Send your solution to [email protected]. Don’t forget to include your name, city and school, if possible. We will publish the solution next Sunday.
Solve the puzzle 170.
Note initially that X + X + Y is less than or equal to (2×9) +8 = 26, so it will be added in the tens place with a maximum of two units.

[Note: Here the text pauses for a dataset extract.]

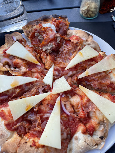 Allora, questa è la recensione più veritiera su questa pizzeria che potete leggere: per prima cosa partiamo piano... Il servizio è abbastanza veloce e il personale è gentile, bagni puliti e tavoli puliti sia all aperto sia al chiuso, ma al chiuso li aprono solo se fuori è pieno. Spazioso tutto e bello fuori e dentro, ma ora andiamo a recensire com è il CIBO: siamo andati in 3 a mangiarci e abbiamo ordinato una pizza ai 4 formaggi, una ai funghi e una speciale fuori menù con guanciale, mozzarella e pomodori. Dopo aver atteso 10 min (Il locale era quasi vuoto di sabato sera) ci sono arrivate tutte e 3 insieme le pizze. Quella ai 4 formaggi era una pizza normalissima, come quella di altre pizzerie di livello medio-basso(pagata 11 euro). Quella ai funghi uguale...(pagata 11 euro) normalissima. E ora andiamo a quella speciale: QUI L AVETE FATTA GROSSA!!! FAR PAGARE JNA PIZZA 17 EURO!!!! E qui voi direte: è una pizza speciale e ci sono ingredienti speciali, MA NOOO!!! C ERANO 4 PEZZETTINI MICROSCOPICI DI GUANCIALE!!! NEANCHE SI SENTIVANO IN BOCCA! IO PAGO 17 EURO E NON MI DATE NEANCHE MEZZA FETTINA DI GUANCIALE?! Mai più!!! Non ci andate! LA COSA BELLA È CHE C ERANO 74 POMODORI SOPRA! INVECE DI CAMUFFARLA CON POMODORI, METTETECI PIÙ GUANCIALE!!!!!!!!!!!!!!! PERCHÈ FATE COSÌ?!?!?!?!? TOTALE PER 3 PERSONE 50€!!!!! INCLUSA ACQUA E COPERTO E COCA. Per fortuna vostra vi siete beccati una recensione verissima cattiva per non mettere 2 fettine di guanciale in più! CI ANDAVATE IN PERDITA PER CASO? TIRCHI. L ambiente è un po imboscato ma non difficileda...

Since Y is different from Z, by adding one or two units to Y, we should get the two-digit number ZZ, but since Y + 2 is less than or equal to 9 + 2 = 11, the only possibility is that we have ZZ = 11 , so Y = 9, and for the sum 2X + Y ending in 1 and X being different from 1, we should have X = 6.
In fact, these values make the sum: 6 + 6 + 99 = 111.
Bruno Holland Professor of Federal University of Goiás and Samuel Vitosa Professor at the Federal University of Bahia.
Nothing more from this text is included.